● **Brief**
Would you reproduce, word for word, only the lines running from the top of the data through the line containing "Course four, the", and none of the pictures?

● **Excerpts from a dataset**
========
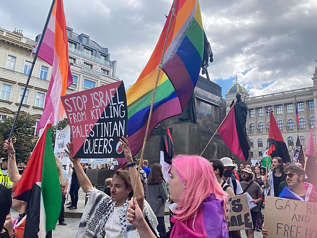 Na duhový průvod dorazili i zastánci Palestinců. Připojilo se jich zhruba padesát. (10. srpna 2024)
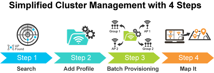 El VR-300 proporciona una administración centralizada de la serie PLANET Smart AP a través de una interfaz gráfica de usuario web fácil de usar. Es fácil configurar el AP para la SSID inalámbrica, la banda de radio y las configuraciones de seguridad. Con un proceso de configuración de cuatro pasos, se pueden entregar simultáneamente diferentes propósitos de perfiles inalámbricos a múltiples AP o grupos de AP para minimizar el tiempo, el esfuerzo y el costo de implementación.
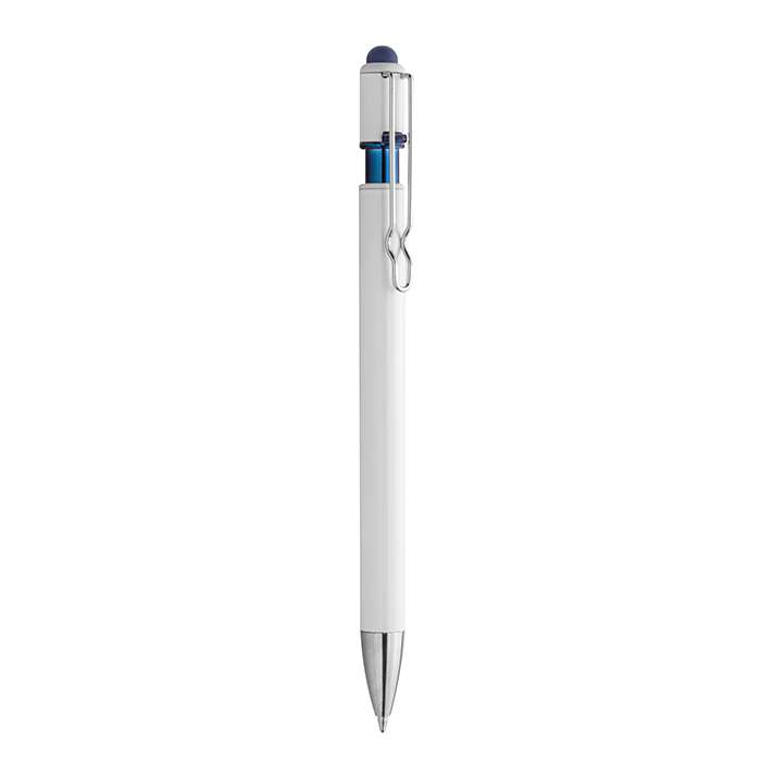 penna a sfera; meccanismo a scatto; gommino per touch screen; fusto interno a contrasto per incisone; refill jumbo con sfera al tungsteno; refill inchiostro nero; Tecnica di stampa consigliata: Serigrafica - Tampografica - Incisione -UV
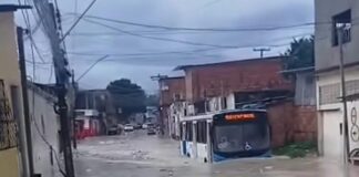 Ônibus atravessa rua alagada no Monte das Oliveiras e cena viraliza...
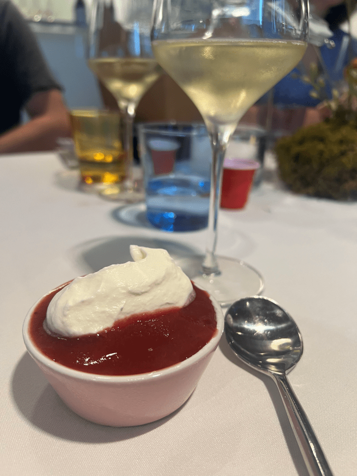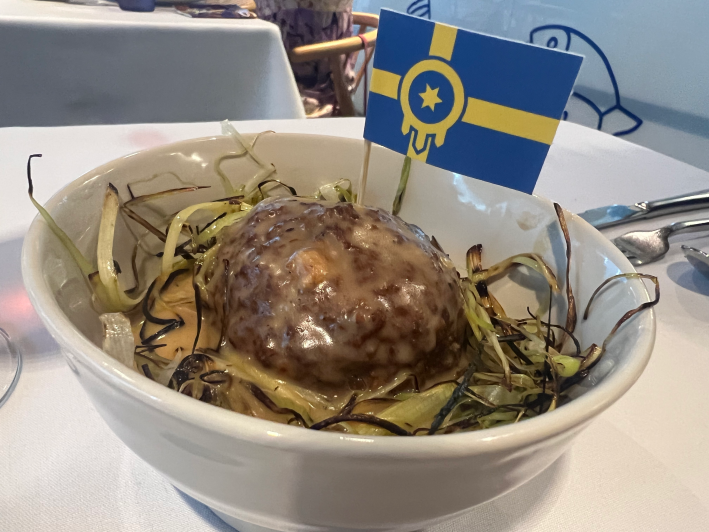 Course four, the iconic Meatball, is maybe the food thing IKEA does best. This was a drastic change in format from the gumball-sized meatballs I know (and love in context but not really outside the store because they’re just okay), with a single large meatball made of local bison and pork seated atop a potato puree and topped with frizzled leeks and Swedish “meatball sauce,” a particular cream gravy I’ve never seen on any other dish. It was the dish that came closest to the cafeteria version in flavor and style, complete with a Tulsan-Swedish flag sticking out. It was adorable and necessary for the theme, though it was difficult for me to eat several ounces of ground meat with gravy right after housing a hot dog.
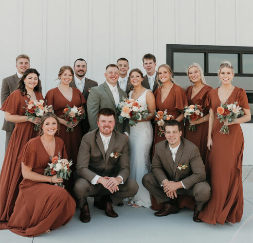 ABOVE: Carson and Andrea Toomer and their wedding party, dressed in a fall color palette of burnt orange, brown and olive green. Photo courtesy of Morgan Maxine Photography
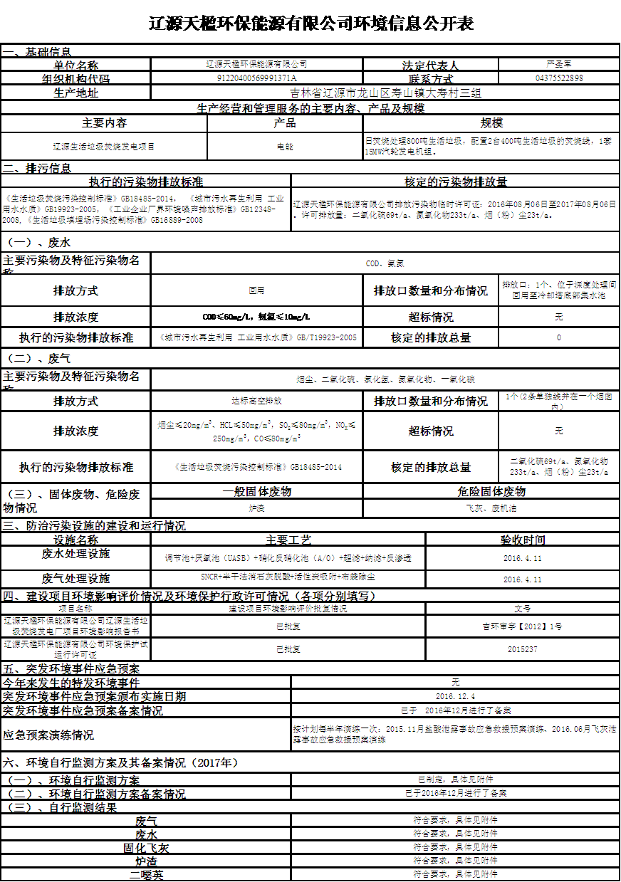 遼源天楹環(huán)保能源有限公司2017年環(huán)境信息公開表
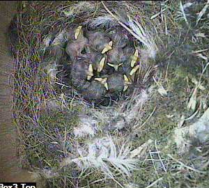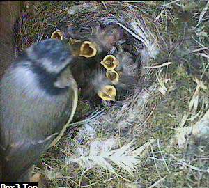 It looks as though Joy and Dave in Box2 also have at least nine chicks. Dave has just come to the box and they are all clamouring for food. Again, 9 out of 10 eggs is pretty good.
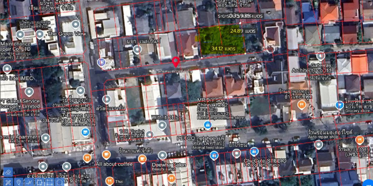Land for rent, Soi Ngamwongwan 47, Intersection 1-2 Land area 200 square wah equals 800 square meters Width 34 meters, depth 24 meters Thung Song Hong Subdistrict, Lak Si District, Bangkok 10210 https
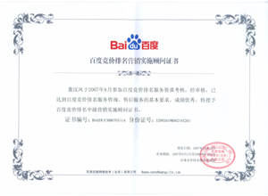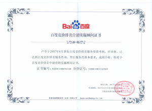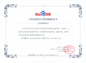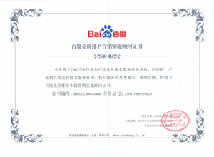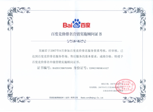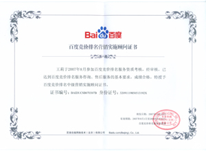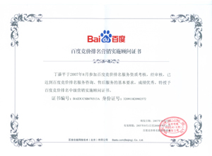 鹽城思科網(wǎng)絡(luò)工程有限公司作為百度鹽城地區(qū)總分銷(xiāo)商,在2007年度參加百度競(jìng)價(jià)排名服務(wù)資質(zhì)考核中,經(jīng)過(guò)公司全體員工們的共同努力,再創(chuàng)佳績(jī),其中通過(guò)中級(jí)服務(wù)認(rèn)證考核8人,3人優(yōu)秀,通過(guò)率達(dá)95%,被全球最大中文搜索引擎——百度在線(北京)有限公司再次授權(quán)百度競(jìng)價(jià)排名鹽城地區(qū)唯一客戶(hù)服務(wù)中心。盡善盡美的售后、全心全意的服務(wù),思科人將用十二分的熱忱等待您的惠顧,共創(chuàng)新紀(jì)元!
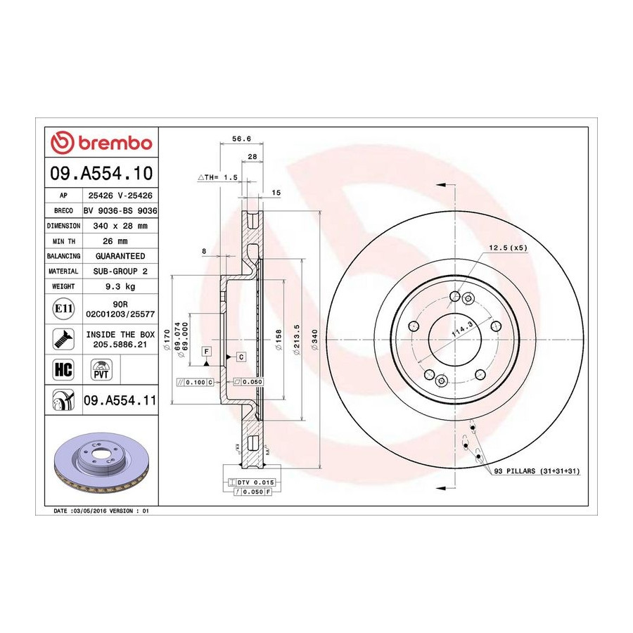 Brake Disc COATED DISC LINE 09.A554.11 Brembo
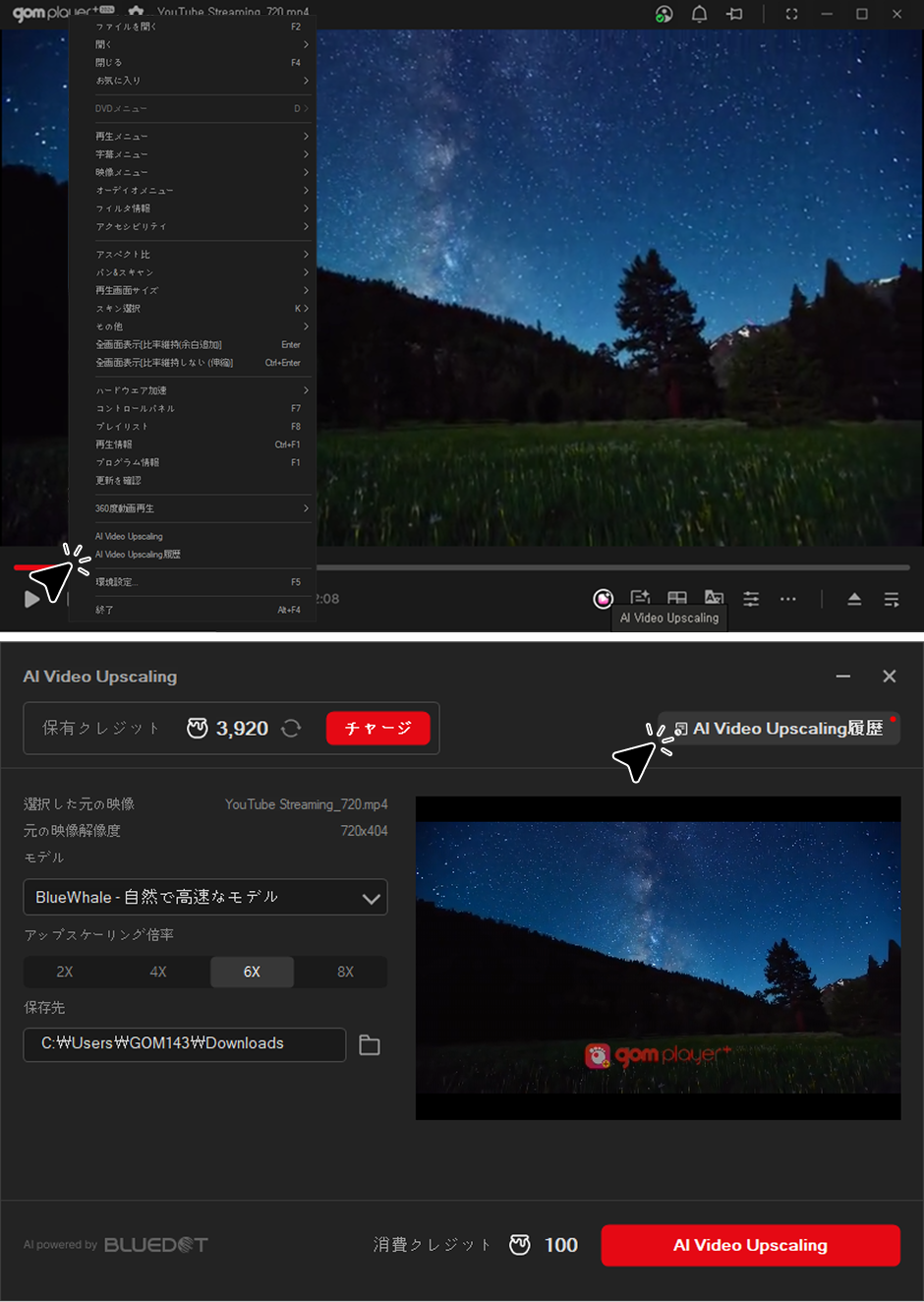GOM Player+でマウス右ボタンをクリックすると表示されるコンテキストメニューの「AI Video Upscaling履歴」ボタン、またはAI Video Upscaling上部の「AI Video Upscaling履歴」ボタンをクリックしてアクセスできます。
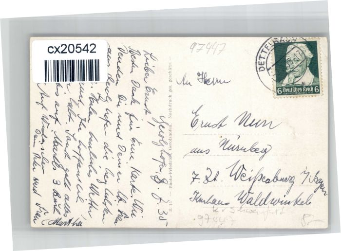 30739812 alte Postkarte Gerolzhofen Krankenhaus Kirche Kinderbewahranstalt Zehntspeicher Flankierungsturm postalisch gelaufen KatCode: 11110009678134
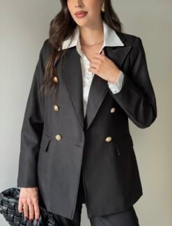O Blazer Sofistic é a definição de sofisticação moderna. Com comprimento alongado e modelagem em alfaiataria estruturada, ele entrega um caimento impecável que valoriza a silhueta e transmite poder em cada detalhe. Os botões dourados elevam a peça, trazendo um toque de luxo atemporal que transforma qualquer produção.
========
● **Exercise solution**
 Na duhový průvod dorazili i zastánci Palestinců. Připojilo se jich zhruba padesát. (10. srpna 2024)
 El VR-300 proporciona una administración centralizada de la serie PLANET Smart AP a través de una interfaz gráfica de usuario web fácil de usar. Es fácil configurar el AP para la SSID inalámbrica, la banda de radio y las configuraciones de seguridad. Con un proceso de configuración de cuatro pasos, se pueden entregar simultáneamente diferentes propósitos de perfiles inalámbricos a múltiples AP o grupos de AP para minimizar el tiempo, el esfuerzo y el costo de implementación.
 penna a sfera; meccanismo a scatto; gommino per touch screen; fusto interno a contrasto per incisone; refill jumbo con sfera al tungsteno; refill inchiostro nero; Tecnica di stampa consigliata: Serigrafica - Tampografica - Incisione -UV
 Ônibus atravessa rua alagada no Monte das Oliveiras e cena viraliza...
 Course four, the iconic Meatball, is maybe the food thing IKEA does best. This was a drastic change in format from the gumball-sized meatballs I know (and love in context but not really outside the store because they’re just okay), with a single large meatball made of local bison and pork seated atop a potato puree and topped with frizzled leeks and Swedish “meatball sauce,” a particular cream gravy I’ve never seen on any other dish. It was the dish that came closest to the cafeteria version in flavor and style, complete with a Tulsan-Swedish flag sticking out. It was adorable and necessary for the theme, though it was difficult for me to eat several ounces of ground meat with gravy right after housing a hot dog.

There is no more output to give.